As it grows, it should be great for helping hands, advice, and just good jetboat talk.
And its always great to see everyones boats.


----------



## semojetman (Feb 15, 2014)

Also, everyone is invited to join. You dont have to live in southeast missouri to join. 

Check it out everyone


----------



## semojetman (Apr 18, 2014)

We've gained almost 300 members so far.
Its seeming like a great group of boat guys.


----------



## Seth (Apr 22, 2014)

I thought I had already joined earlier, but apparently not.
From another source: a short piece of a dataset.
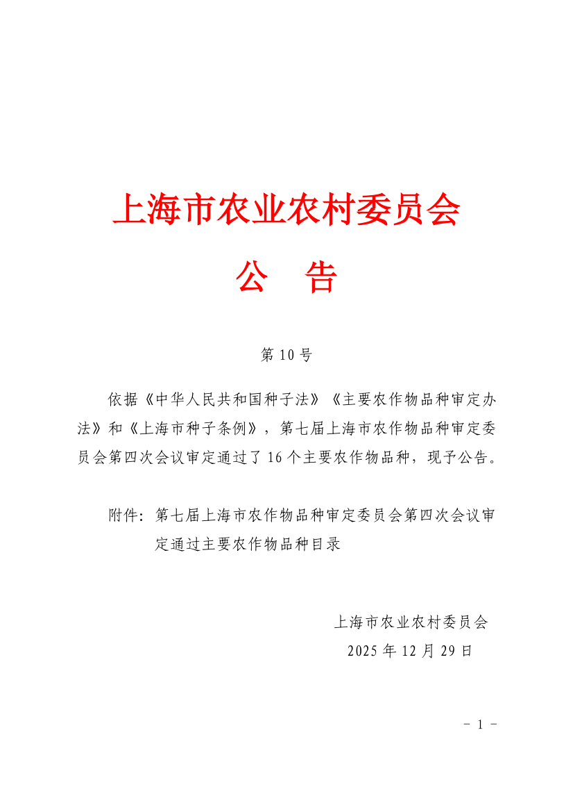 依据《中华人民共和国种子法》《主要农作物品种审定办法》和《上海市种子条例》,第七届上海市农作物品种审定委员会第四次会议审定通过了16个主要农作物品种,现予公告。
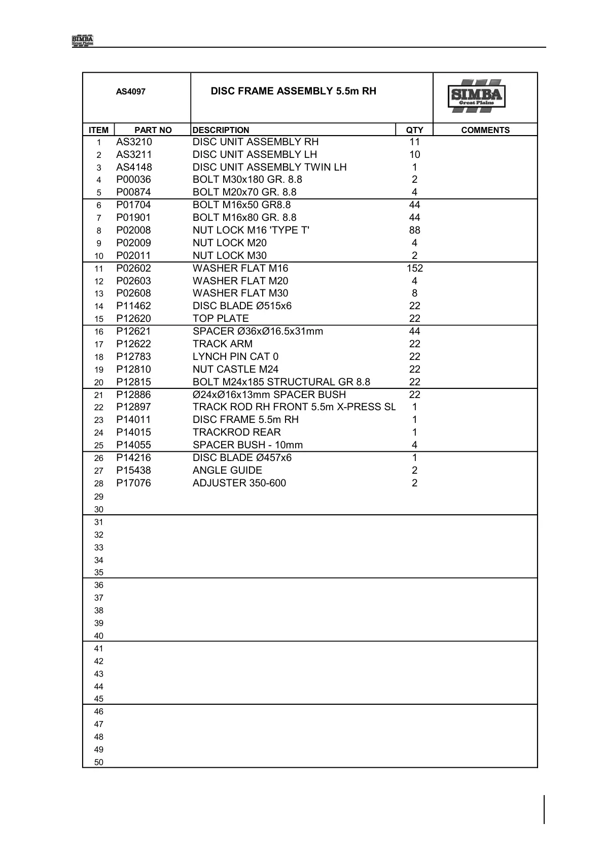 ITEM PART NO DESCRIPTION QTY COMMENTS

I'm on there now!


----------



## Jim (Apr 23, 2014)

Post up a link!


----------



## smackdaddy53 (Apr 23, 2014)

Once I finish mine I will post more


----------



## semojetman (Apr 23, 2014)

Im not sure how to post a link to it.
If someone does, please feel free or enlighten me.


----------



## BigTerp (Apr 24, 2014)

This should work. You'll have to sign in to Facebook, but it should then take you right to the group.

https://www.facebook.com/groups/604452952959143/


----------



## fender66 (Apr 24, 2014)

IN!


----------



## semojetman (Apr 26, 2014)

Thanks guys.


----------